Most econometrics students learn about type I and type II errors. A type I error consists in incorrectly rejecting a null hypothesis when it is true; a type II error consists in incorrectly failing to reject a null hypothesis when it is false.
Or, if you are one of those people who, like me, is on the slow end of things and always has to look up their definitions, here is a nifty cartoon to learn the difference between type I and type II errors:
What is this nonsense about type III errors, then? In his Guide to Econometrics, Kennedy wrote:
A type III error occurs when a researcher produces the right answer to the wrong question. A corollary of this rule is that an approximate answer to the right question is worth a great deal more than a precise answer to the wrong question.

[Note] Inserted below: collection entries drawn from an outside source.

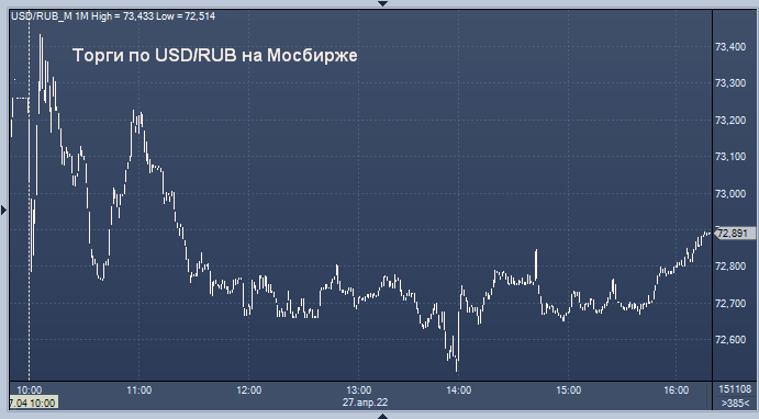 - 72,8764 рубля за 1 доллар
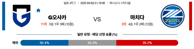 감바오사카 대 마치다 J리그1 04월02일 맞대결 생중계, 스포츠중계, 스포츠분석
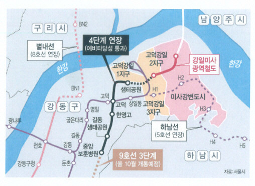 또 "지하철 9호선 연장인 4단계 노선 '보훈병원↔샘터공원'은 5월 한국개발연구원(KDI)의 예비타당성 조사를 통과했고 '샘터공원↔강일역'의 1.6Km 구간은 서울시에서 금년 8월에 사업계획을 발표할 예정이고 그 이후 예비타당성 조사를 실시할 계획이며 '강일↔미사역' 1.4Km 구간은 제3차 국가철도망 계획에 반영된 사업이다"고 말했다.
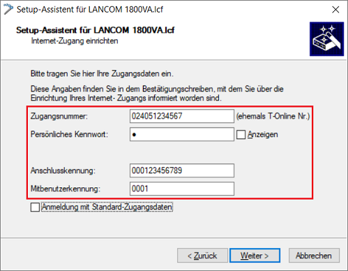 7. Geben Sie in folgendem Dialog die Zugangsdaten ein, welche Sie von Ihrem Provider erhalten haben.
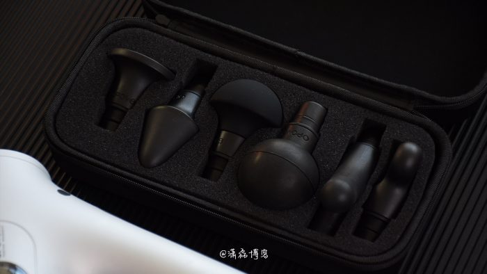 揭开收纳包,筋膜枪主机和电源适配器置于模具中,按摩头放在独立的收纳包中,不难看出OPOVE在包装设计上也十分讲究。
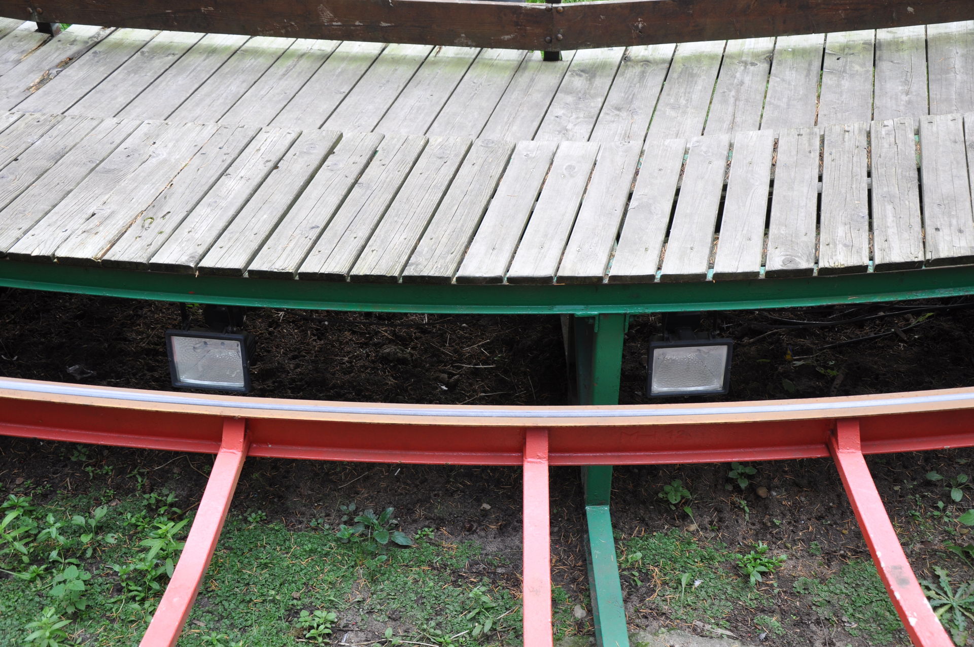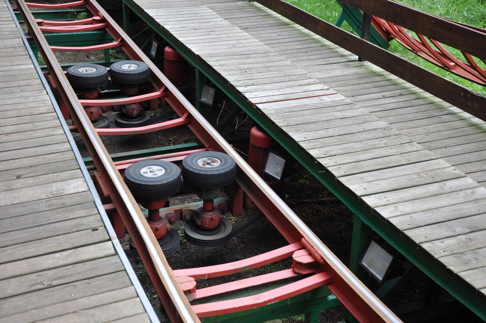 Kann sein, dass ich falsch verstanden wurde: Der Zug wird in seine 6 Glieder zerlegt und dann wieder in der Bremse aufgesetzt, da es an der Stelle, an der der Zug steht/stand es einfach nicht möglich ist den Zug über die Strecke zu ziehen. Auf der einen Seite ist der Lift mit seinen Fachwerkstützen im Weg, auf der anderen stehen 25 Meter hohe Bäume. Auch wenn man den Zug durch den 2. Corkscrew ziehen würde, müsste man ihn dann wieder von der Stelle bergen, da er nicht über den nächsten Hochpunkt kommen würde. Deshalb wurde dieses Verfahren der Zugbergung ausgewählt.

Here is a useful set of slides on type III (wrong question, right answer) and type IV (right question, wrong answer) by Charlotte Ursula Tate, from San Francisco State University.
How common are type III errors? And what does a type III error look like in practice? There is no hard evidence on the extent of type III errors beyond the anecdotal, but how often do we run into applied researchers who are bent on applying a specific technique to a given problem? (To be fair, this is common in the applied econometrics literature, wherein researchers often develop a new estimator and apply it to suitable data for the purposes of illustrating said estimator; I have been guilty of this in the past myself.)
Worse, how about those cases where a (typically young, pre-tenure) researcher insists on toeing the “randomize or bust” party line, a situation which I have discussed here?
Relatedly, I remember sitting in a seminar wherein a colleague asked “How did you come to work on this topic?” to the presenter, who had just shown us findings behind which the causal story appeared tenuous to my colleague. When the presenter said “Well, I noticed that I had this source of exogenous variation in my data, so I decided to look for an outcome to apply it to…,” he lost about half of the audience. I guess the lesson for younger researchers here is to make sure you have a darn good story for why your empirical setup is interesting, and why it matters for policy, business, or other.
How do you protect yourself from making type III errors? As with many other things in the craft of applied econometrics, the answer is not contained in a theorem or lemma. Rather, the answer is to talk to colleagues about what you are doing, and to see whether what you are doing passes the laugh test.** Though you should often expect a certain amount of skepticism when you first explain what you are doing (after all, most of the obvious research questions have already been answered), you should be able to dissipate said skepticism pretty quickly with facts. So in a typical regression of Y on D, that means explaining how much the effect of D on Y costs to society, how many people it affects, how much it shortens life expectancy, etc.
* I’m ignoring type IV errors in this post since almost every other ‘Metrics Monday post has been dedicated to “right question, wrong answer”-type topics, such as endogeneity issues, which cause bias, which is a way to provide a wrong answer to a question, whether that question is right or wrong.
** Unless you live in Minnesota. Then the laugh test is the different test. If a Minnesotan says “That’s different!” when you explain your research question to him or her, you’re in trouble.